Analysis: A boiling pot waiting to explode

The IDF assesses that Hamas is not interested in a major conflict; its main concern is the stability of its rule in Gaza.

A member of the Kassam Brigades (photo credit: REUTERS/Ismail Zaydah)
A member of the Kassam Brigades
(photo credit: REUTERS/Ismail Zaydah)
Fifteen-to-20 percent.
That is the increase in amount of weaponry the IDF believes has been smuggled into the Gaza Strip in 2011 in comparison to the previous year as a result of the revolutions in Egypt and Libya.
A wide variety of weapons is involved, but the concern is primarily about two types – sophisticated, Russian-made antitank missiles, such as the laser-guided Kornet, and shoulder-to-air missiles, like those that have gone missing from Libyan warehouses.
The other main concern for the IDF is that a soldier will be abducted. Now that the Schalit deal has been completed, the army believes there is increased motivation within Gaza to abduct another soldier, and that tunnels are being dug into Israel to that end.
This is the situation on the Gaza front three years after Operation Cast Lead – there is an increase in weaponry and a new threat from anti-tank missiles, but at the same time, the Southern Command believes Hamas and Islamic Jihad are not interested in a large-scale conflict, at least for the time being.
In general, the IDF sums up the past year along the Gaza border as a success. It says 100 Palestinians were killed over the past year in military operations and that nine were civilians.

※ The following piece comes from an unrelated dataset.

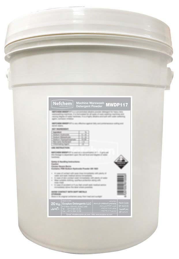 NEFCHEM MWDP117 is a concentrated alkaline powder detergent for heavy duty warewashing machines. It is formulated for all types of ware washing machines and varying degree of water hardness. It is a highly alkaline and built with water softening agent, corrosion inhibitor.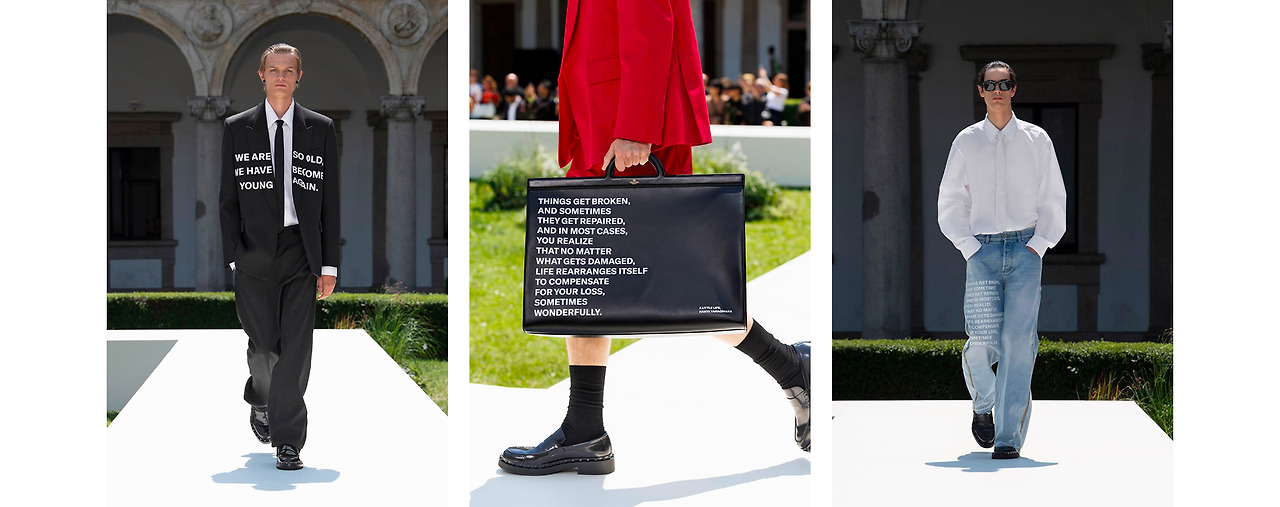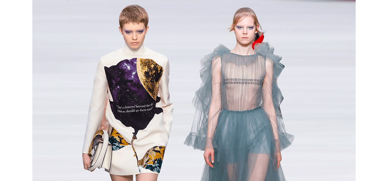 ‘The Narratives’라는 주제로 전개된 컬렉션에서는 <리틀 라이프> 책에 나온 구절을 그대로 프린트한 재킷, 가방, 데님은 말 그대로 직관적으로 책의 메시지를 담고 있다. 오래 간 VALENTINO를 이끌어 온 크리에이티브 디렉터 피엘파올로 피촐리(Pierpaolo Piccioli)가 당시 얼마나 이 책에 빠져있었는지 엿볼 수 있는 대목이다. 그는 “네 명의 남성 캐릭터가 보여주는 관계와 인간성, 연약함과 회복에 대한 부분은 내게 감동과 영감을 주었다”라고 말하기도. 이처럼 줄곧 문학에 대한 사랑을 드러내 온 VALENTINO, 이전 컬렉션에서도 책으로부터의 영감을 찾아볼 수 있다.

This is nearly a 1:10 civilian-to-combatant ratio that is unprecedented in any other conflict in the world.
The United Nations, for example, estimates an average three-to-one ratio of civilian-to-combatant deaths in conflicts worldwide. That is three civilians for every combatant killed. Over the past year in Gaza, it has been one civilian for almost every 10 combatants killed.
The IDF continues to maintain a high-level of alert along the border and to train its troops to know what to do in the event they are attacked and one of them is abducted. Shooting at the getaway car even at the risk of hitting their comrade is expected, senior officers explain.
It also requires the IDF to get ready for another offensive in the Gaza Strip, one that Chief of Staff Lt.-Gen. Benny Gantz said on Tuesday will happen either “sooner or later.” The operation will likely be different than Cast Lead but will be based on two similar principles – first to take Hamas by surprise with a devastating opening salvo and second to aim for a restoration of deterrence and several more years of quiet.
The IDF knows, though, that when it enters Gaza, it will face a different adversary than the one who repeatedly ran away from it during the January 2009 ground offensive.
Take Hamas’s Rafah Brigade as an example.
It numbers around 2,000 fighters who are divided into four battalions. The next time the IDF enters Gaza it expects to meet small squads of terrorists each, spread out throughout the urban areas and laying in ambush. The challenge will be to locate them and remove their element of surprise.
Currently, the IDF assesses that Hamas is not interested in a major conflict. The first reason is the organization’s draw to diplomacy and international relations, demonstrated by Ismail Haniyeh’s fund-raising trip to Qatar, Egypt, Libya and other countries.
Haniyeh is not the only Hamas official traveling overseas these days. Ahmed Ja’bari, the group’s supreme military commander, has been spending a significant portion of every month in Egypt.
Hamas’s main concern is the stability of its rule in Gaza, challenged today by Islamic Jihad, which receives more Iranian support and funding than Hamas, as well as from the direction of Mahmoud Abbas whose unilateral moves at the UN caused Hamas to feel left behind. That is why it is moving forward with the efforts to reach a reconciliation agreement with Fatah, even though it will likely not last for long.
Where Hamas does operate or turn a blind eye to others is in Egypt, which is turning into one the IDF’s greatest concerns for 2012. A visit to the Israeli-Egyptian border on Wednesday clarified just how concerned Israel is. Bulldozers work there 24 hours a day, seven days a week, clearing mounds of sand to be able to lay cement and erect a six-meter fence.
If the fence was initially built to stop African infiltrators in search of work, the main focus now is stopping the next terror attack from Sinai. The last one, in August, claimed the lives of eight Israelis.
Hamas is to some extent, caught between a rock and a hard place. On the one hand, it works to stop attacks against Israel to prevent a large IDF offensive, but at the same time turns a blind eye to attacks from Sinai or even along the Gaza border against military targets so it will not be accused of neglecting its commitment to armed resistance.